ACTIVITY: The answer should match the entries below word for word, minus their pictures.

(Excerpts from a dataset)
__________________________________________________

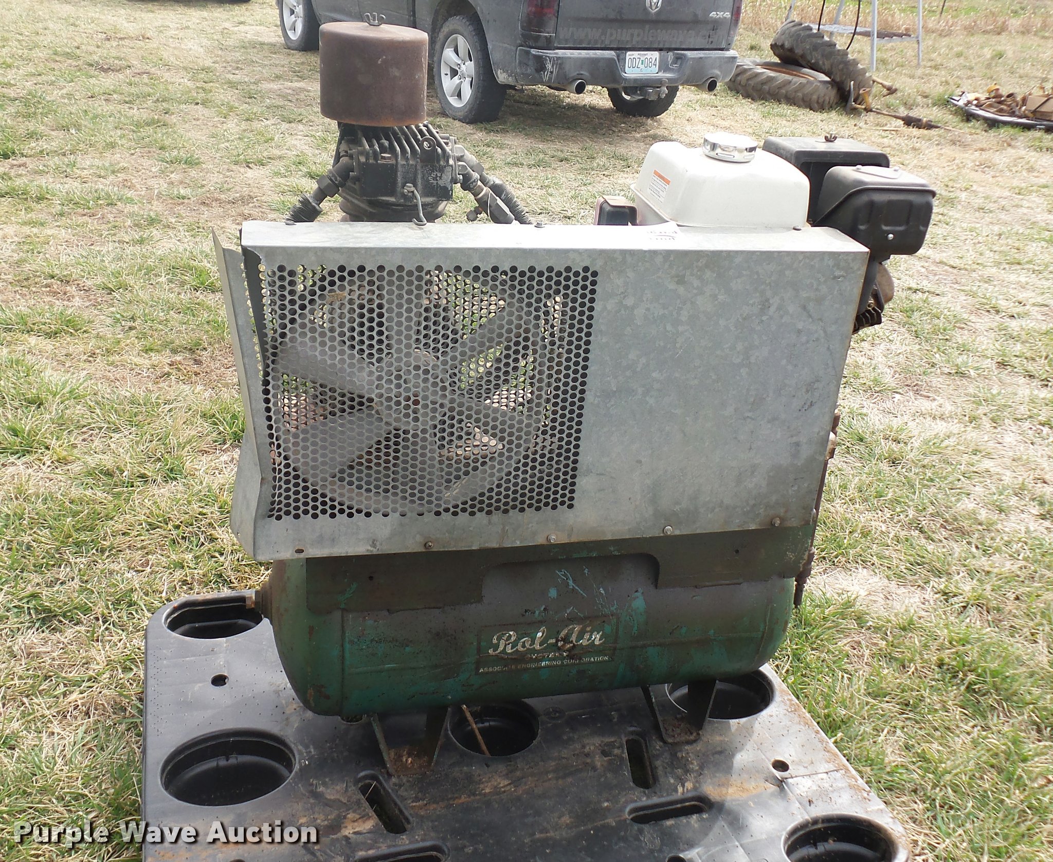 Purple Wave is selling a used Air Compressor in Missouri. This item is a Rol-air air compressor with the following: Gas engine, Unknown operating condition
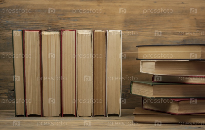 Стопка книг на деревянном столе на деревенском фоне с копией пространства
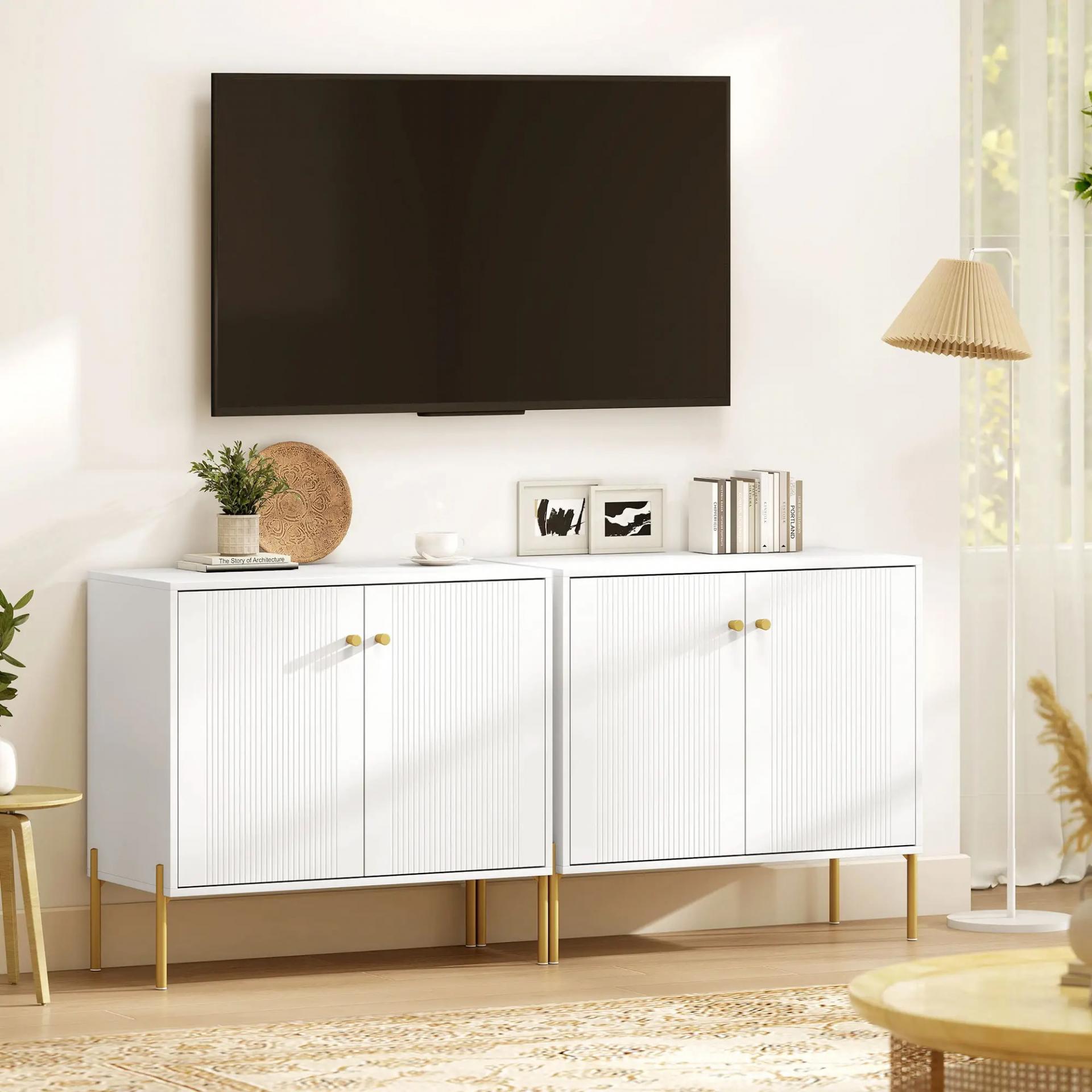 - ALMACENAMIENTO AJUSTABLE: Este aparador dispone de estante regulable en tres alturas dentro de cada armario, ofreciendo versatilidad para guardar todo tipo de artículos con comodidad
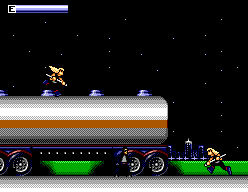 A nível de jogabilidade, como a maioria dos jogos 8 bit, os controlos são simples. Botão direccional para movimento, um botão de salto e um outro de ataque. Infelizmente a jogabilidade é má. Existem níveis que exigem saltos muito precisos, e isto não é nenhum Super Mario Bros, nem para lá caminha. Arnold quando está desarmado apenas pode dar murros, que têm um alcance muito limitado. O jogo comporta-se em parte como um beat’ em up no primeiro nível, onde Arnold só pode progredir no nível derrotando os inimigos todos, desarmado. Se ao menos tivesse mais golpes… O facto de as sprites também serem muito pequenas não ajuda nada. Graficamente o jogo está bem mais colorido do que a versão NES, devido à maior palete de cores existente na Master System e Game Gear. Infelizmente não colocaram as sprites maiores, o que é pena. Ao menos os cenários têm mais detalhe, mas também não esperem nada de especial, estou apenas a comparar com a versão original. Este jogo tem vários diálogos ao longo do mesmo, explicando a história, acompanhados de algumas imagens. A versão NES pareceu-me mais variada nestas imagens. O som não é nada bom. O chip sonoro standard da Master System sempre foi o seu calcanhar de aquiles e em jogos de 3ª categoria mais vale deixar a TV no mute.
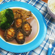 鲍鱼、鸡爪、鸡翅、猪皮、西兰花、板粟、红参。
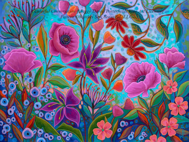 A Colorful Conversation (Max Size/Color) counted cross stitch pattern by Peggy Davis/Porterfields Fine Art Licensing
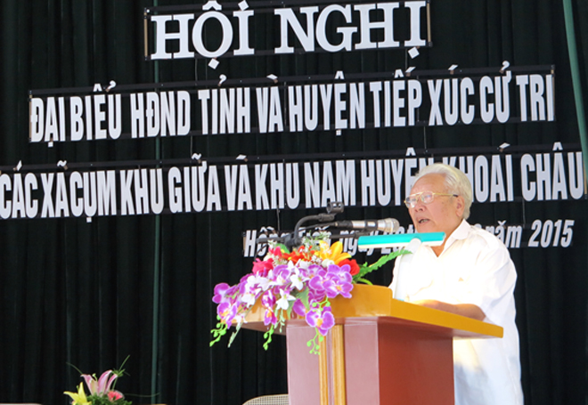 Chiều ngày 26/6, tại UBND xã Hồng Tiến đoàn Đại biểu HĐND tỉnh và huyện tiếp xúc cử tri các xã cụm khu giữa và khu Nam huyện Khoái Châu. Dự và chỉ đạo hội nghị có đồng chí Hoàng Thị Minh Nga, TUV, Chủ tịch Hội LHPN tỉnh; Phạm Văn Nghệ, Phó Trưởng ban Tuyên giáo Tỉnh ủy. Tham dự hội nghị còn có lãnh đạo UBND các xã cùng đông đảo cử tri đại diện cho 13 xã cụm khu giữa và khu Nam huyện Khoái Châu.
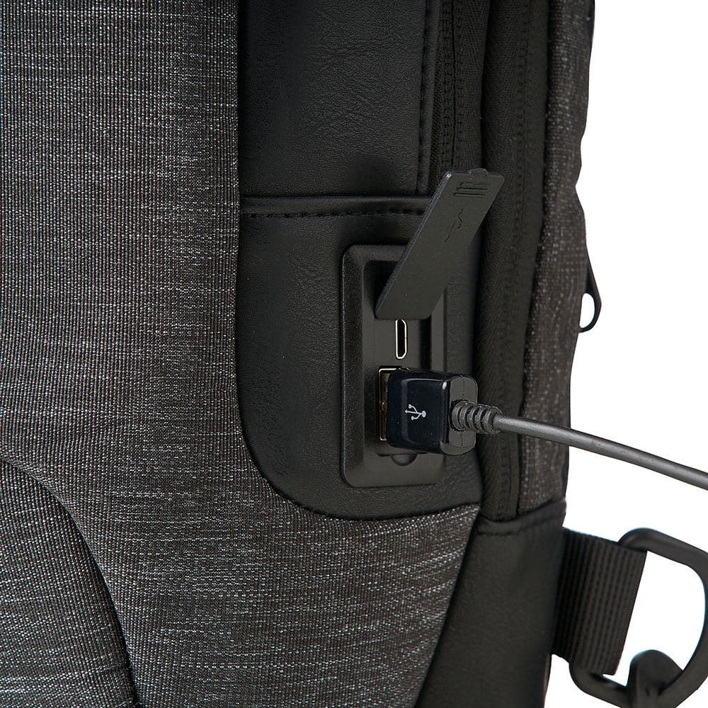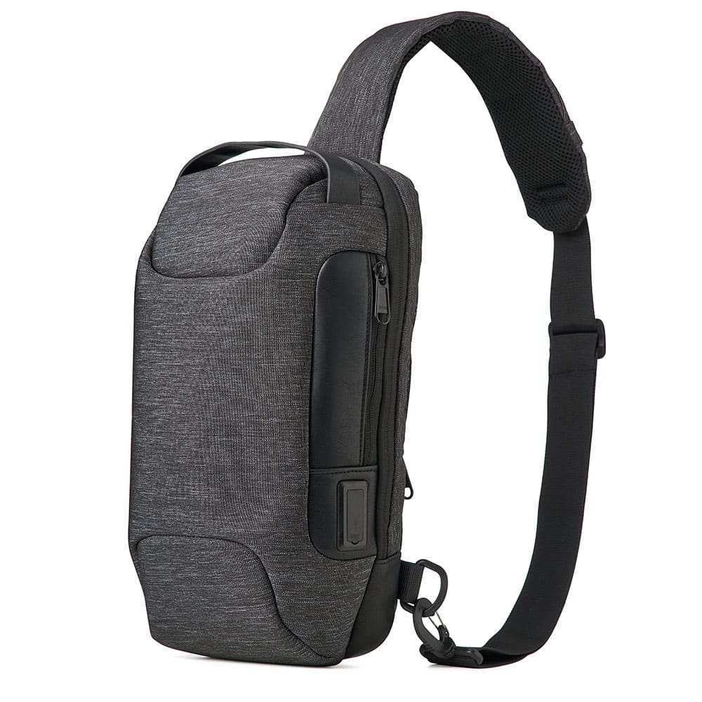 Mochila de ombro 10 litros em nylon resistente à água com três compartimentos, sendo dois deles exclusivos para cartões e proteção contra furto. Contém cadeado numérico (TSA), suporte externo usb, bolso para tablet 9, bolsos internos e revestimento costado espumado.
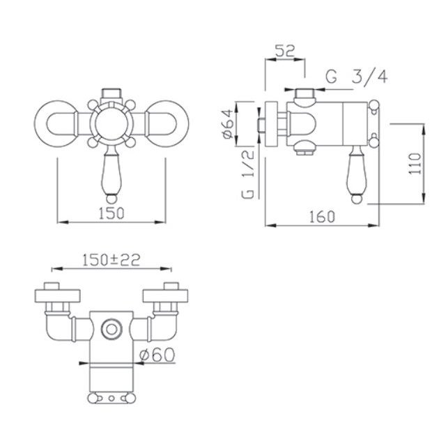 QUADRO DESIGN HB THERMOSTAT-WANDBATTERIE MIT ABSPERRHAHN
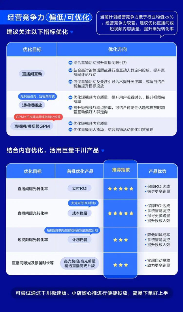 经营竞争力显示「偏低」或「可优化」,可以依托诊断结果,针对性的提升投放GPM和内容互动指标,提升短视频播放、直播间互动等,同时巧用巨量千川产品能力,提升直播间及短视频曝光转化力,提高流量协同效益,提升投放竞争力及投放效果,达成生意可持续增长。
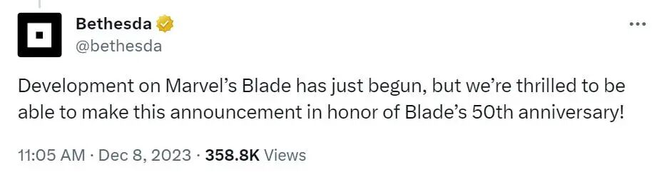 B社官方发推表示,《漫威刀锋战士》的开发工作才刚刚开始,不过因为今年是刀锋战士50周年,所以他们就在今年的TGA上公开了这款游戏。
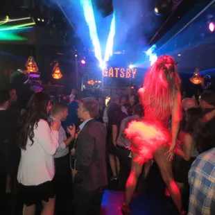 Decided to go here for an UYE. I don't remember what the old Plush looked like so I can't say if it's nicer than before. The club looks nice--kinda "cozy." Upstairs had a good view of the dance floor and 2 private rooms with balcony access as well as a pole at each table (upstairs and downstairs). That can get quite dangerous with drunks who think they can pole dance! haha. There was one central, elevated VIP table in the front of the dance floor. If I were to get bottle service that'd be the table I want! DJ that night played a variety of music, awesome beats. Loved it. No EDM/techno/house stuff (from the time I was there)--thank goodness! I was a little disappointed as I thought a Gatsby club would show more of a Gatsby theme besides the waitress uniforms. One dancer seemed high and all she did was bend over a majority of her time (my eye caught her bare buttocks many, many times). LOL. (Maybe I watched too much Gossip Girl & pictured fancier, themed parties with fancier decor). Themed or not, it still looked like a typical club in Dallas. Awesome lights though, but be careful where you stand on the dance floor--might get blinded by a beaming light! Although they kept addressing that the dress code was "dress to impress" I saw girls come in with jeans and plain tank top, flip flops, etc.Bouncer told us that Friday nights are girls' night (free cover), but when our friend met us up they tried to charge her. Miscommunication between staff maybe? Besides that, the staff was very friendly and helpful that night, but hope that lasts.If I were to go clubbing again (I've retired) I wouldn't mind gathering the girls to go here because of the music and diverse crowd.
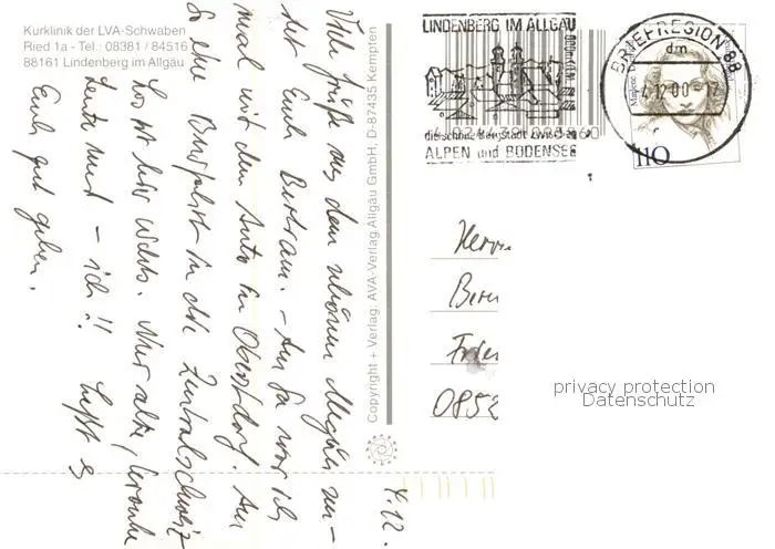 73829441 Ried_Altusried Panorama LVA Fachklinik Gastraum Ried Altusried postalisch gelaufen 2000 Erhaltung siehe scans [FriedD77] [Frierer ]
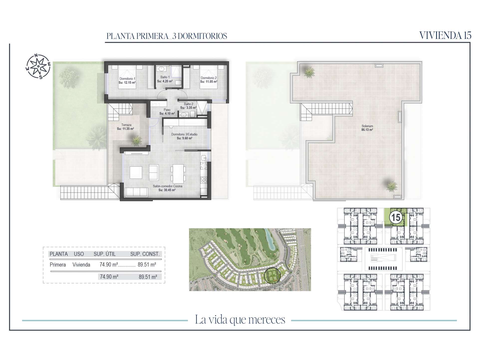 The development is integrated in a unique environment, where the views of the golf course and the mountains are the protagonists. The landscaped areas combine Mediterranean and tropical species, creating green spaces that invite you to relax. The ground floor bungalows have a front garden and backyard, and some also include a private parking space inside the plot. The top floor properties have a large porch and a private solarium with outdoor kitchen, perfect for relaxing or sharing moments outdoors.
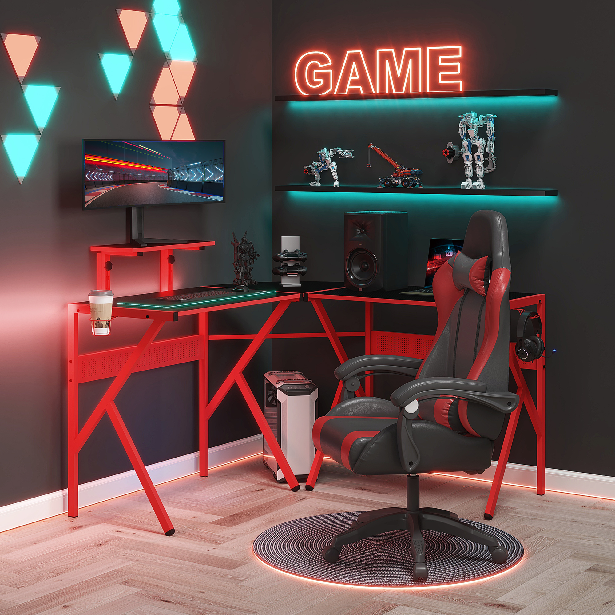 Bureau gaming d'angle bureau gamer bureau informatique bracket casque porte-gobelet étagère écran réglabl
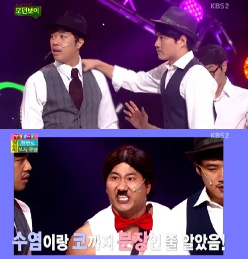 첫 번째로 등장한 코너 ‘모던보이’에는 서태훈, 김기리, 임우일 등이 등장했다. 서태훈과 김기리는 ‘나는 잘 나가는 모던보이’ 노래에 맞춰 콩트를 이어갔지만 미미한 반응을 얻었다.
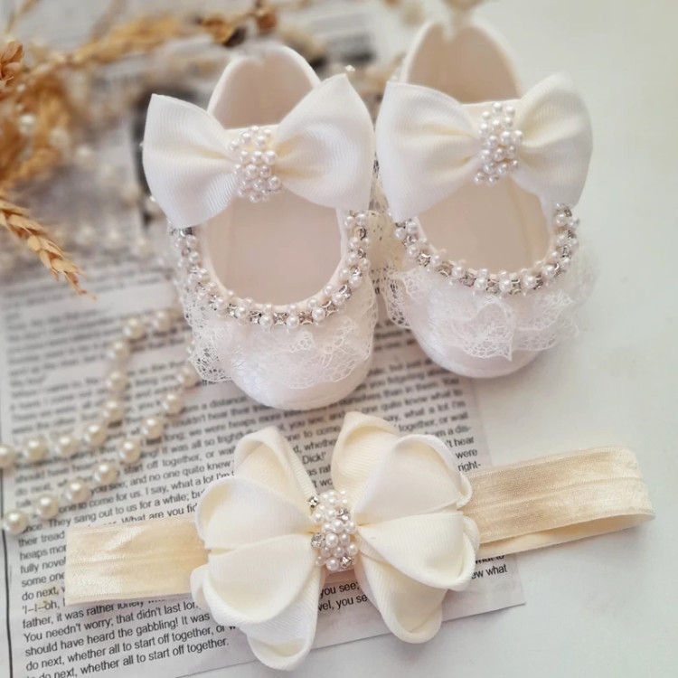 پاپوش وهد نوزادی طرح اطلس رنگ خامه ای ترکیب نگین و مروارید جنس رویه ساتن با استر

__________________________________________________

ANSWER BOX:
 Purple Wave is selling a used Air Compressor in Missouri. This item is a Rol-air air compressor with the following: Gas engine, Unknown operating condition
 Стопка книг на деревянном столе на деревенском фоне с копией пространства
 - ALMACENAMIENTO AJUSTABLE: Este aparador dispone de estante regulable en tres alturas dentro de cada armario, ofreciendo versatilidad para guardar todo tipo de artículos con comodidad
 A nível de jogabilidade, como a maioria dos jogos 8 bit, os controlos são simples. Botão direccional para movimento, um botão de salto e um outro de ataque. Infelizmente a jogabilidade é má. Existem níveis que exigem saltos muito precisos, e isto não é nenhum Super Mario Bros, nem para lá caminha. Arnold quando está desarmado apenas pode dar murros, que têm um alcance muito limitado. O jogo comporta-se em parte como um beat’ em up no primeiro nível, onde Arnold só pode progredir no nível derrotando os inimigos todos, desarmado. Se ao menos tivesse mais golpes… O facto de as sprites também serem muito pequenas não ajuda nada. Graficamente o jogo está bem mais colorido do que a versão NES, devido à maior palete de cores existente na Master System e Game Gear. Infelizmente não colocaram as sprites maiores, o que é pena. Ao menos os cenários têm mais detalhe, mas também não esperem nada de especial, estou apenas a comparar com a versão original. Este jogo tem vários diálogos ao longo do mesmo, explicando a história, acompanhados de algumas imagens. A versão NES pareceu-me mais variada nestas imagens. O som não é nada bom. O chip sonoro standard da Master System sempre foi o seu calcanhar de aquiles e em jogos de 3ª categoria mais vale deixar a TV no mute.
 鲍鱼、鸡爪、鸡翅、猪皮、西兰花、板粟、红参。
 A Colorful Conversation (Max Size/Color) counted cross stitch pattern by Peggy Davis/Porterfields Fine Art Licensing
 Chiều ngày 26/6, tại UBND xã Hồng Tiến đoàn Đại biểu HĐND tỉnh và huyện tiếp xúc cử tri các xã cụm khu giữa và khu Nam huyện Khoái Châu. Dự và chỉ đạo hội nghị có đồng chí Hoàng Thị Minh Nga, TUV, Chủ tịch Hội LHPN tỉnh; Phạm Văn Nghệ, Phó Trưởng ban Tuyên giáo Tỉnh ủy. Tham dự hội nghị còn có lãnh đạo UBND các xã cùng đông đảo cử tri đại diện cho 13 xã cụm khu giữa và khu Nam huyện Khoái Châu.
 Mochila de ombro 10 litros em nylon resistente à água com três compartimentos, sendo dois deles exclusivos para cartões e proteção contra furto. Contém cadeado numérico (TSA), suporte externo usb, bolso para tablet 9, bolsos internos e revestimento costado espumado.
 QUADRO DESIGN HB THERMOSTAT-WANDBATTERIE MIT ABSPERRHAHN
 经营竞争力显示「偏低」或「可优化」,可以依托诊断结果,针对性的提升投放GPM和内容互动指标,提升短视频播放、直播间互动等,同时巧用巨量千川产品能力,提升直播间及短视频曝光转化力,提高流量协同效益,提升投放竞争力及投放效果,达成生意可持续增长。
 B社官方发推表示,《漫威刀锋战士》的开发工作才刚刚开始,不过因为今年是刀锋战士50周年,所以他们就在今年的TGA上公开了这款游戏。
 Decided to go here for an UYE. I don't remember what the old Plush looked like so I can't say if it's nicer than before. The club looks nice--kinda "cozy." Upstairs had a good view of the dance floor and 2 private rooms with balcony access as well as a pole at each table (upstairs and downstairs). That can get quite dangerous with drunks who think they can pole dance! haha. There was one central, elevated VIP table in the front of the dance floor. If I were to get bottle service that'd be the table I want! DJ that night played a variety of music, awesome beats. Loved it. No EDM/techno/house stuff (from the time I was there)--thank goodness! I was a little disappointed as I thought a Gatsby club would show more of a Gatsby theme besides the waitress uniforms. One dancer seemed high and all she did was bend over a majority of her time (my eye caught her bare buttocks many, many times). LOL. (Maybe I watched too much Gossip Girl & pictured fancier, themed parties with fancier decor). Themed or not, it still looked like a typical club in Dallas. Awesome lights though, but be careful where you stand on the dance floor--might get blinded by a beaming light! Although they kept addressing that the dress code was "dress to impress" I saw girls come in with jeans and plain tank top, flip flops, etc.Bouncer told us that Friday nights are girls' night (free cover), but when our friend met us up they tried to charge her. Miscommunication between staff maybe? Besides that, the staff was very friendly and helpful that night, but hope that lasts.If I were to go clubbing again (I've retired) I wouldn't mind gathering the girls to go here because of the music and diverse crowd.
 73829441 Ried_Altusried Panorama LVA Fachklinik Gastraum Ried Altusried postalisch gelaufen 2000 Erhaltung siehe scans [FriedD77] [Frierer ]
 The development is integrated in a unique environment, where the views of the golf course and the mountains are the protagonists. The landscaped areas combine Mediterranean and tropical species, creating green spaces that invite you to relax. The ground floor bungalows have a front garden and backyard, and some also include a private parking space inside the plot. The top floor properties have a large porch and a private solarium with outdoor kitchen, perfect for relaxing or sharing moments outdoors.
 Bureau gaming d'angle bureau gamer bureau informatique bracket casque porte-gobelet étagère écran réglabl
 첫 번째로 등장한 코너 ‘모던보이’에는 서태훈, 김기리, 임우일 등이 등장했다. 서태훈과 김기리는 ‘나는 잘 나가는 모던보이’ 노래에 맞춰 콩트를 이어갔지만 미미한 반응을 얻었다.
 پاپوش وهد نوزادی طرح اطلس رنگ خامه ای ترکیب نگین و مروارید جنس رویه ساتن با استر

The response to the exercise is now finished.